In this case I added a special flag to the model to make the UI more aware of this model (and still want to message this to the users better, so they're informed about the tradeoffs). I don't know if people would enjoy the auto-reload or not, but for large changes like the o1 series, it's important.

SamKr commented 2 months ago

Not related to this ticket but a setting to autoreload models would be fantastic. The people I share big-AGI with aren't all tech savvy, and going to preferences -> models -> click model reload -> select next provider -> etc. is hard to get them to do. A notification with 'provider x has new models available, would you like to reload?' would be great as well.
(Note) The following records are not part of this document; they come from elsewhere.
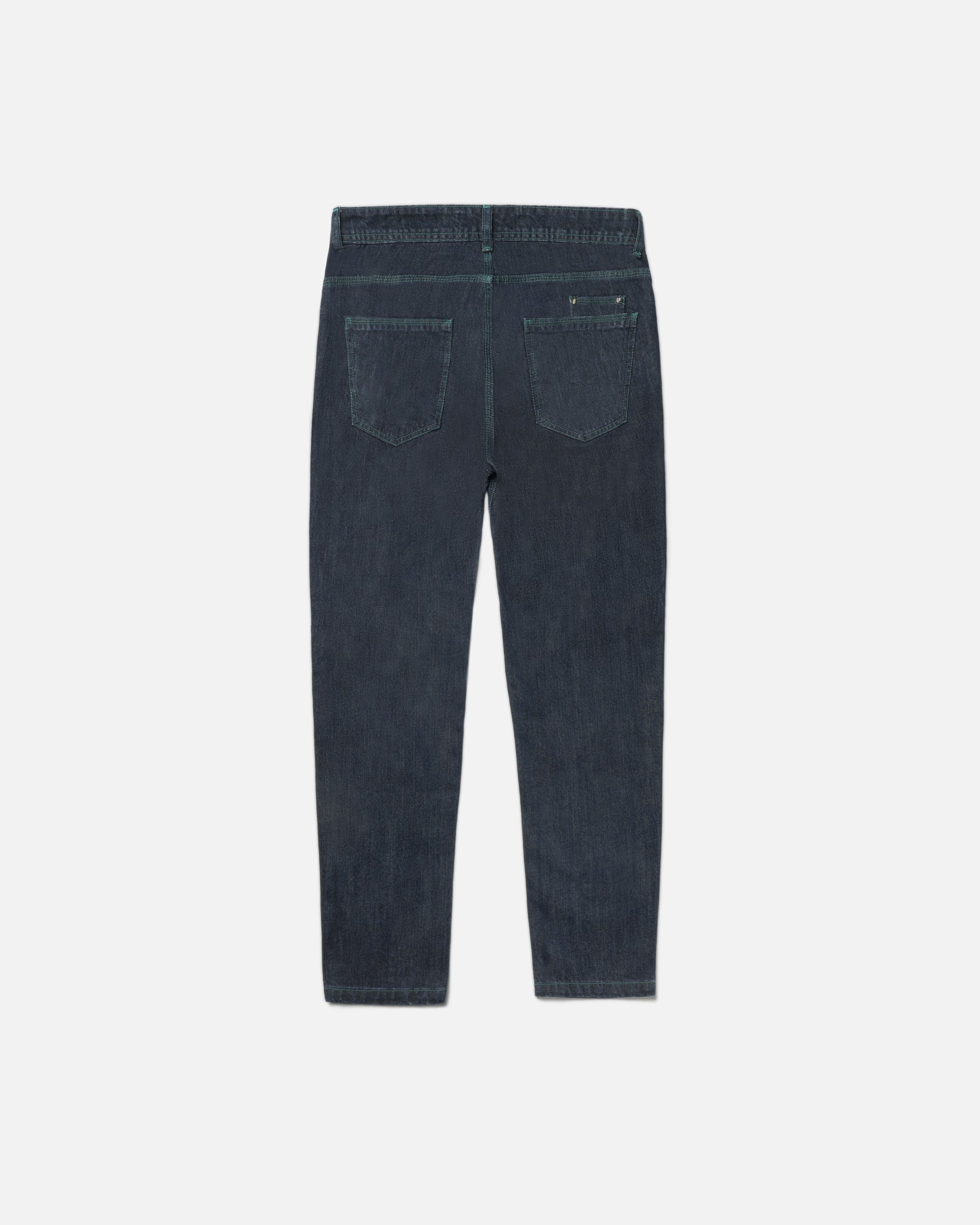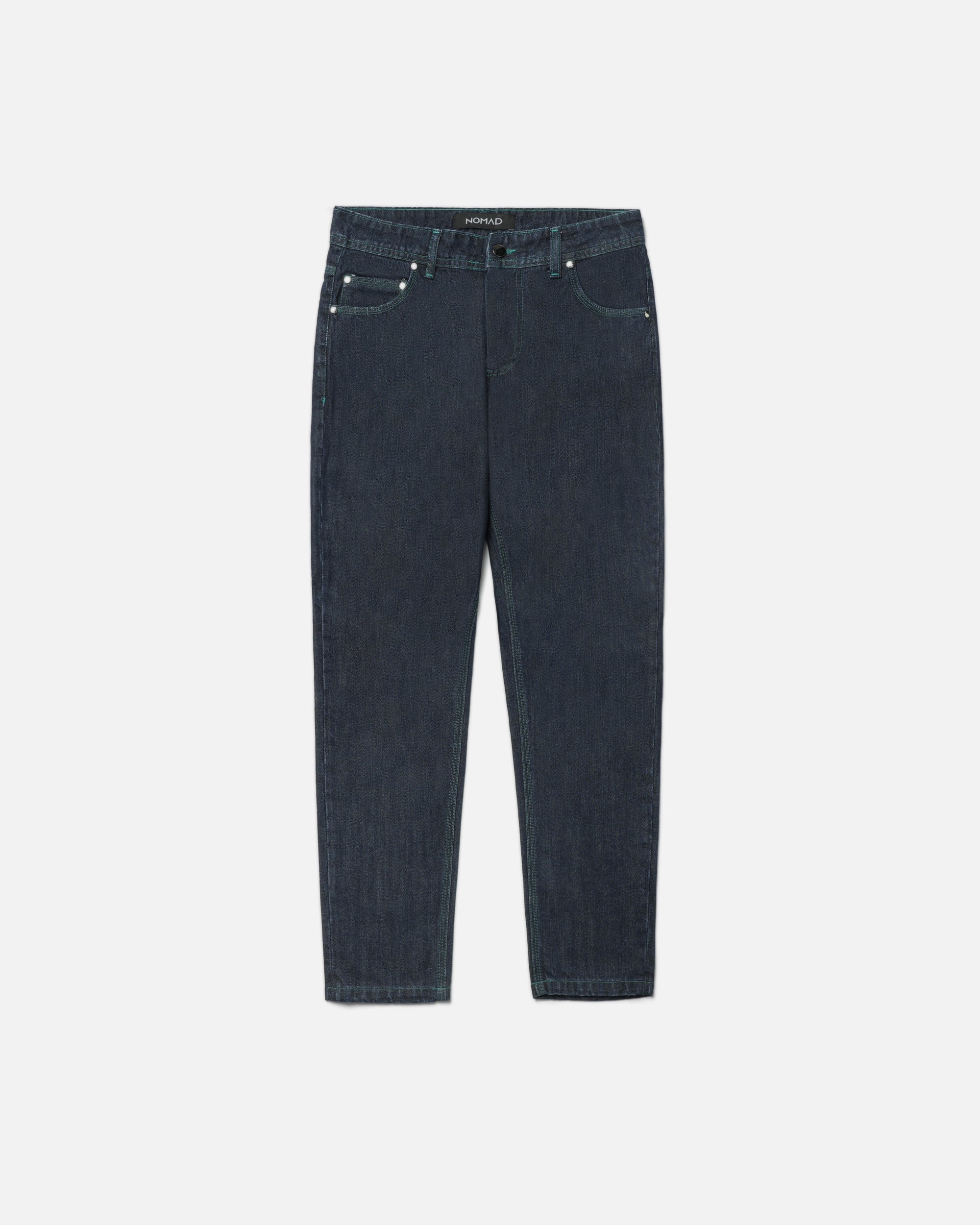 I Jeans India, dal taglio dritto con una vestibilità 5 tasche, lunghezza caviglia in Denim grezzo leggermente risciacquato, con cuciture in contrasto di colore verde, larghezza fondo 16cm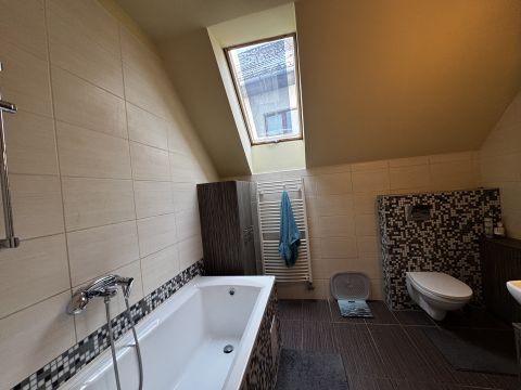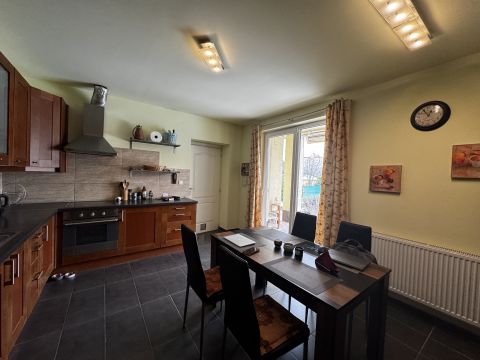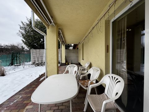 Hat szobás, jó állapotú, szigetelt, két szintes, alakítható, dupla komfortos ikerház terasszal és erkéllyel, 250 négyzetméteres gondozott kerttel, autó beállóval!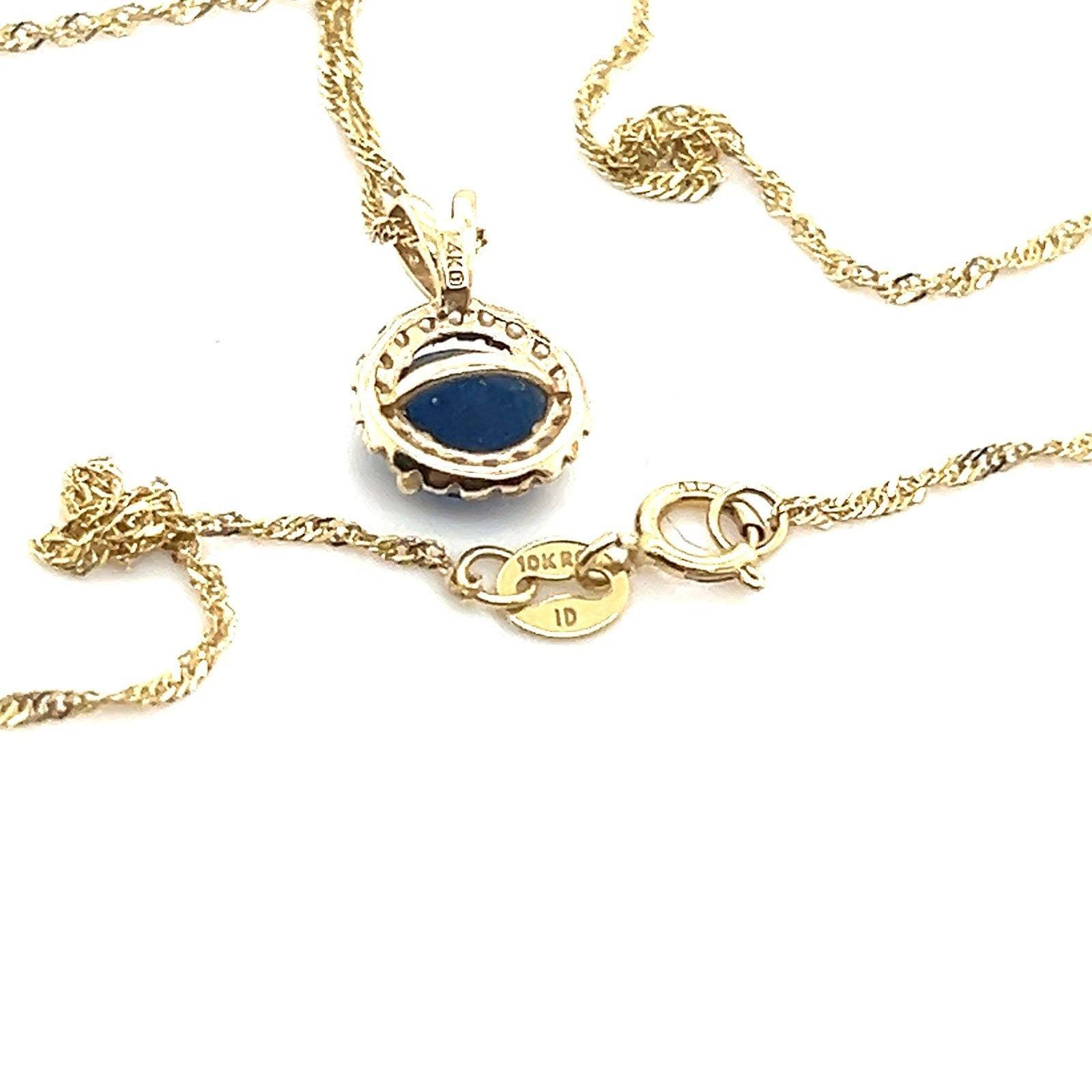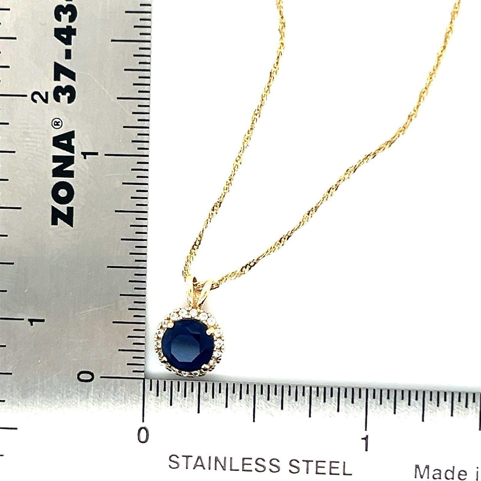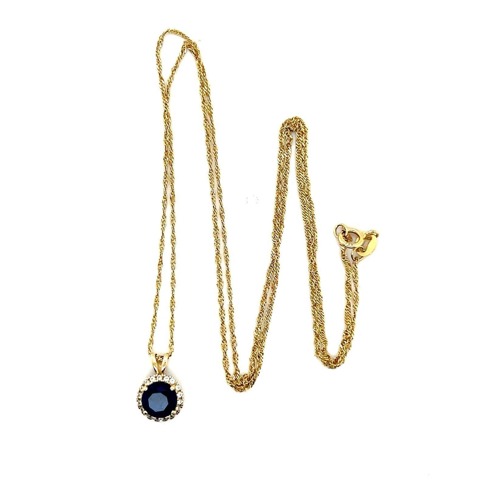 Real 10K Twisted Chain with 14K Yellow Gold Blue Sapphire and Cz Pendant, REAL GOLD, Not gold plated or gold filled.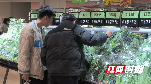 不远处的某大型超市内,蔬菜销售区同样人头攒动。油麦菜、菜心、红苋菜、兰头等时令鲜蔬分区分架摆放,叶茎饱满,色泽鲜亮,不少市民正仔细比对、精心挑选。据超市工作人员介绍,近期气温回升,蔬菜生长周期加快,上市量逐步加大,部分叶菜价格较春节期间降幅明显,有效满足了市民的日常消费需求。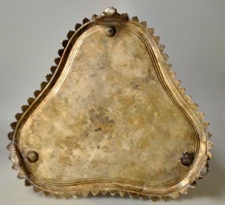 Engelsk forsølvet vinholder, 20. årh. Trekantet form til tre flasker med holder. H.. 26 cm. B.: 25 cm.Emne nummer: 28346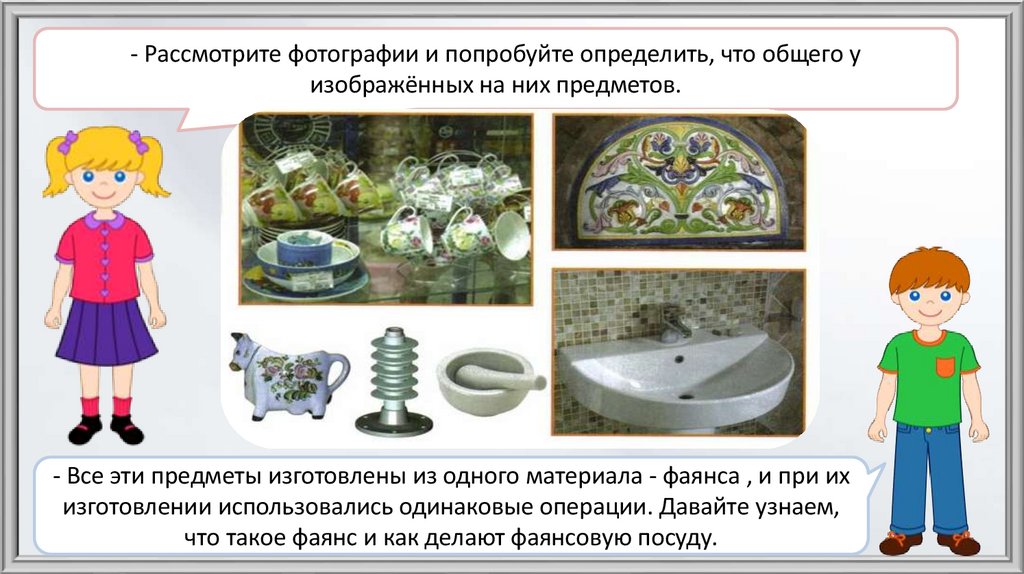- Все эти предметы изготовлены из одного материала - фаянса , и при их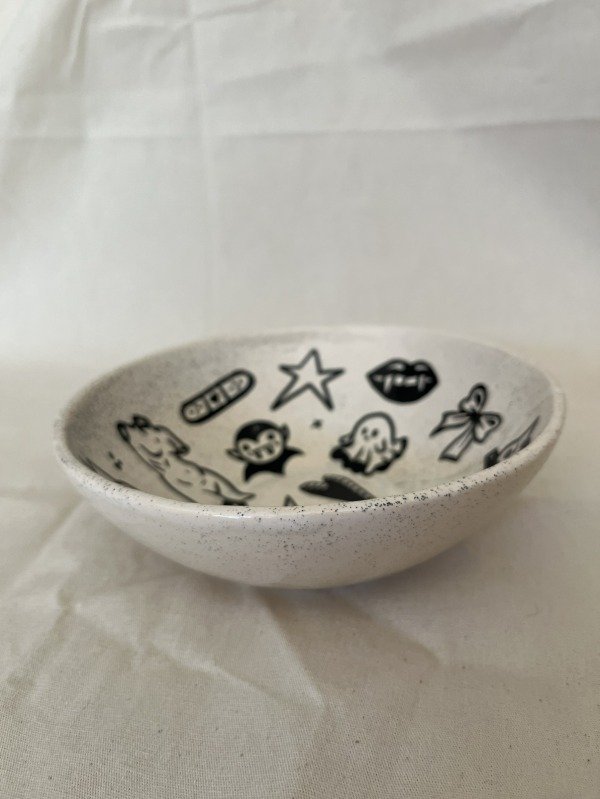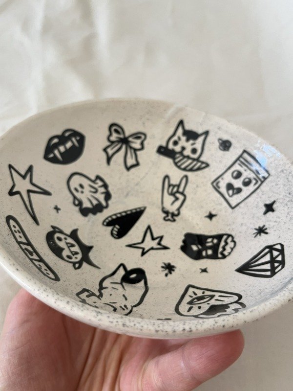 Cuenco esmaltado con blanco jaspeado y calcos ilustrados por nosotras.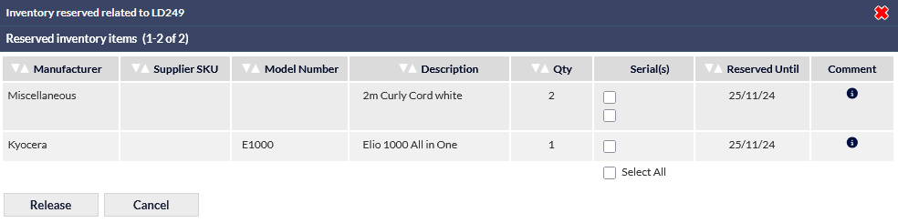 The following example image shows specific items being selected for release from reservation: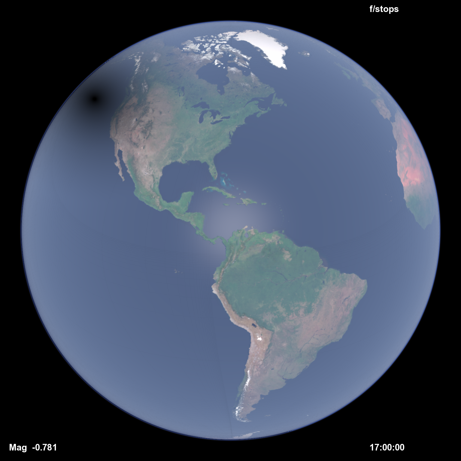 Simulated view of Earth during the upcoming solar eclipse in 2017, without clouds or sea ice.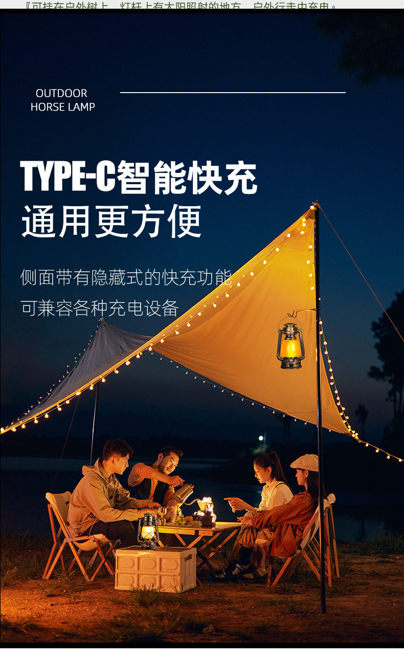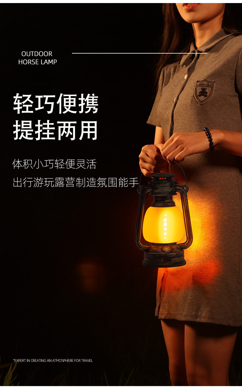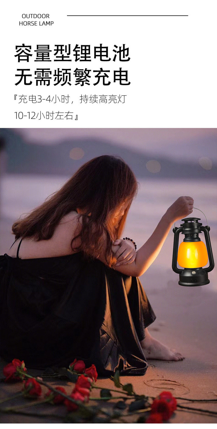 Camping Lantern Portable Retro Horse Lantern Rechargeable Outdoor Climbing Stall Indoor Night Light Tent Camp Atmosphere Lantern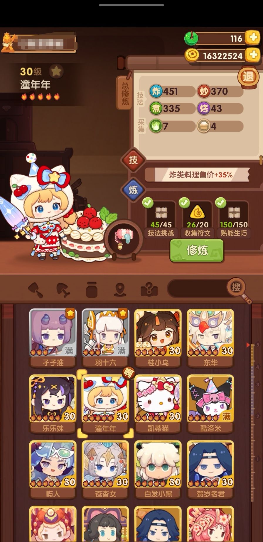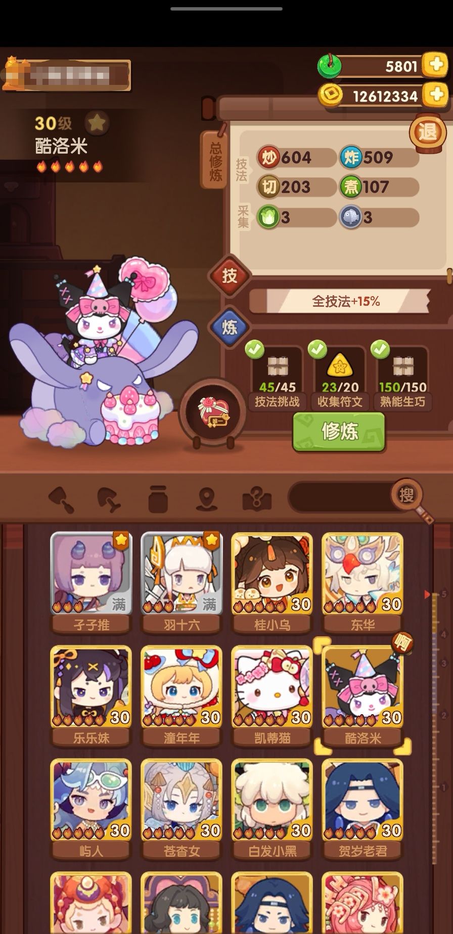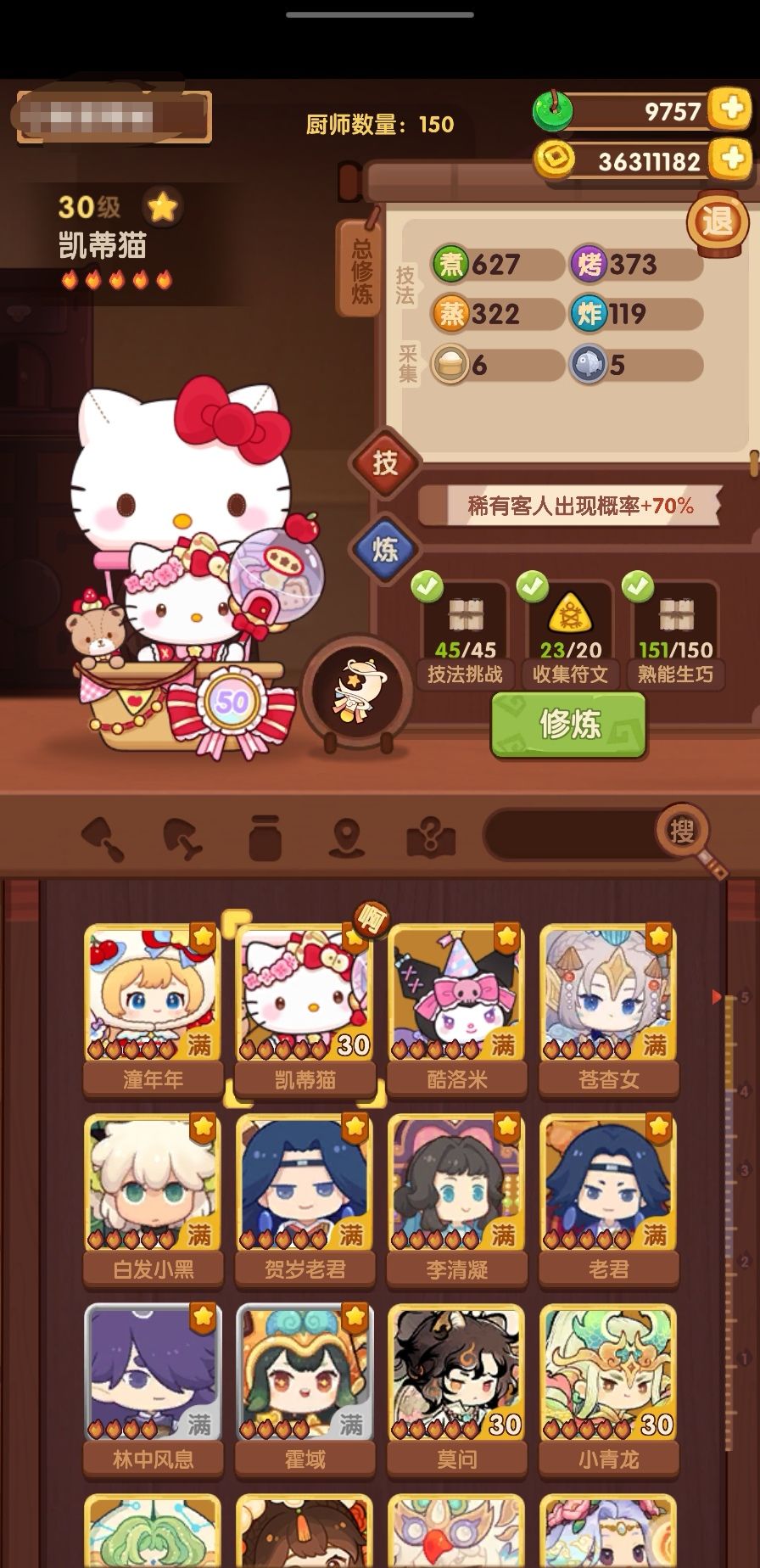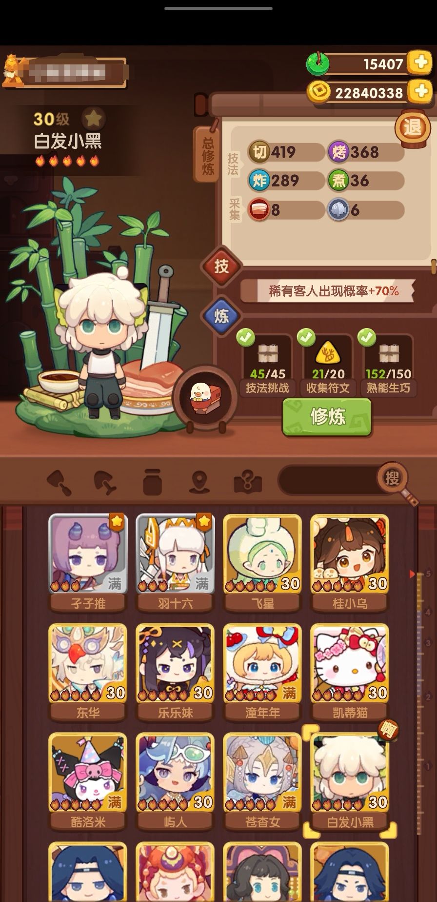 第六个修炼的厨师是白发小黑,修炼菜谱:凯蒂猫生日蛋糕、一条龙和酥皮牛排包,光环:潼年年+50炸,厨具:站鸭封口夹,还修炼了几个+烤技法的厨师。不知道下次抽完新池还有没有玉璧让我补补双十一池修炼...
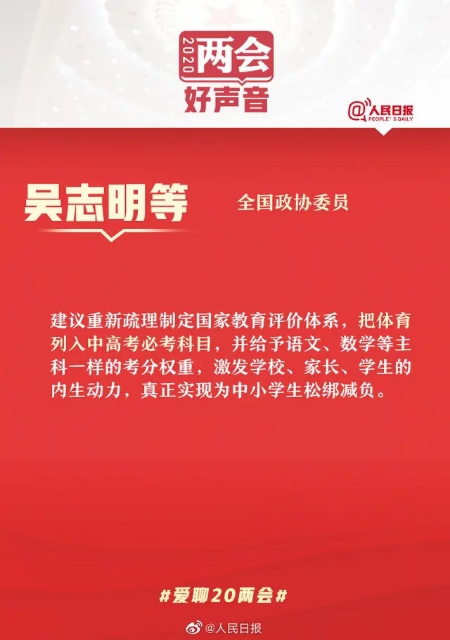 比较有代表性的有5月23日来自人民日报的消息,全国政协委员吴志明领衔提交为中小学生减负的提案,建议重新梳理制定国家教育评价体系,把体育列入中高考必考科目,并给予语文、数学等主科一样的考分权重,激发学校、家长、学生的内生动力,真正实现为中小学生松绑减负。吴志明等委员提出,加强社会宣传和对家长的引导,将孩子的身心健康排第一位,尊重教育的规律和孩子成长的自由。

enricoros commented 2 months ago

That's a good experience suggestion thank you @SamKr. For the sake of time, I cannot signal that notification, because that will require to keep on scanning the models and show a notification in case of deltas. Easy but also not at the same time, because the user would have modified/deleted models in the meantime.

How would you rank the following options:

  1. (current) manual only with auto-refresh when the server changes environment variables
  2. also auto-refresh when a new version of big-AGI is released (1.15, 1.16, 2.0, etc.)
  3. auto-refresh upon every new load in every user's browser, notifying the user of new models
  4. ...?
SamKr commented 2 months ago

In my experience new models only appear when I sync after an update, is that correct? But that's the only time I sync, so perhaps big-AGI can actually fetch new models even without an update?

Either way, I'd say 2 is a superb option, no user interaction at all. That would probably cover all my use cases. It also sounds like it wouldn't cost you too much effort. If there is a new model released between updates, and a user really requires it for some reason, they'd just have to refresh the list manually or wait for an update.

3 is a good option as well, if big-AGI can fetch new models even between updates. Not sure if starting a new conversation counts as a new load, but I'd say exclude that, so it would just auto-refresh when a user browses to big-AGI in the morning (I and most other users I know of keep it open all day).

Option 1 rarely applies I think, since that's not something you'd do on a regular basis.

Thanks for listening :)

enricoros commented 2 months ago

Thanks for the suggestion. Prob 2 is the best compromise, great way to go.